Exercise: Go through the material and copy each line in which the word "with" shows up.
##### Supplied records
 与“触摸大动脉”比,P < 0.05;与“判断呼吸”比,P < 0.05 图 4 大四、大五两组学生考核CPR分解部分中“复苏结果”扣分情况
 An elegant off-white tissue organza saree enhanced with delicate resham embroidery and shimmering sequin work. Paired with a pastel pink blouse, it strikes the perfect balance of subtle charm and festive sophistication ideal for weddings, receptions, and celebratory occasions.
##########
##### Supplied records
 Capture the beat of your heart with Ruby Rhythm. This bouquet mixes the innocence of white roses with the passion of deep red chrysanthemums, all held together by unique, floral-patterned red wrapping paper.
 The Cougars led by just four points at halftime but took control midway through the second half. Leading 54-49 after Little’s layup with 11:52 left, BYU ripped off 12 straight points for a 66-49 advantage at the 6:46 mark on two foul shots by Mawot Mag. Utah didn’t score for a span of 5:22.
##########
##### Supplied records
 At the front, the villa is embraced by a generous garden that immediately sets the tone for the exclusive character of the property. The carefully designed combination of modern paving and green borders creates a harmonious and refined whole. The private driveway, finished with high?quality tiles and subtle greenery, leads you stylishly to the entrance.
##########
Response to the exercise:
 An elegant off-white tissue organza saree enhanced with delicate resham embroidery and shimmering sequin work. Paired with a pastel pink blouse, it strikes the perfect balance of subtle charm and festive sophistication ideal for weddings, receptions, and celebratory occasions.
 Capture the beat of your heart with Ruby Rhythm. This bouquet mixes the innocence of white roses with the passion of deep red chrysanthemums, all held together by unique, floral-patterned red wrapping paper.
 The Cougars led by just four points at halftime but took control midway through the second half. Leading 54-49 after Little’s layup with 11:52 left, BYU ripped off 12 straight points for a 66-49 advantage at the 6:46 mark on two foul shots by Mawot Mag. Utah didn’t score for a span of 5:22.
 At the front, the villa is embraced by a generous garden that immediately sets the tone for the exclusive character of the property. The carefully designed combination of modern paving and green borders creates a harmonious and refined whole. The private driveway, finished with high?quality tiles and subtle greenery, leads you stylishly to the entrance.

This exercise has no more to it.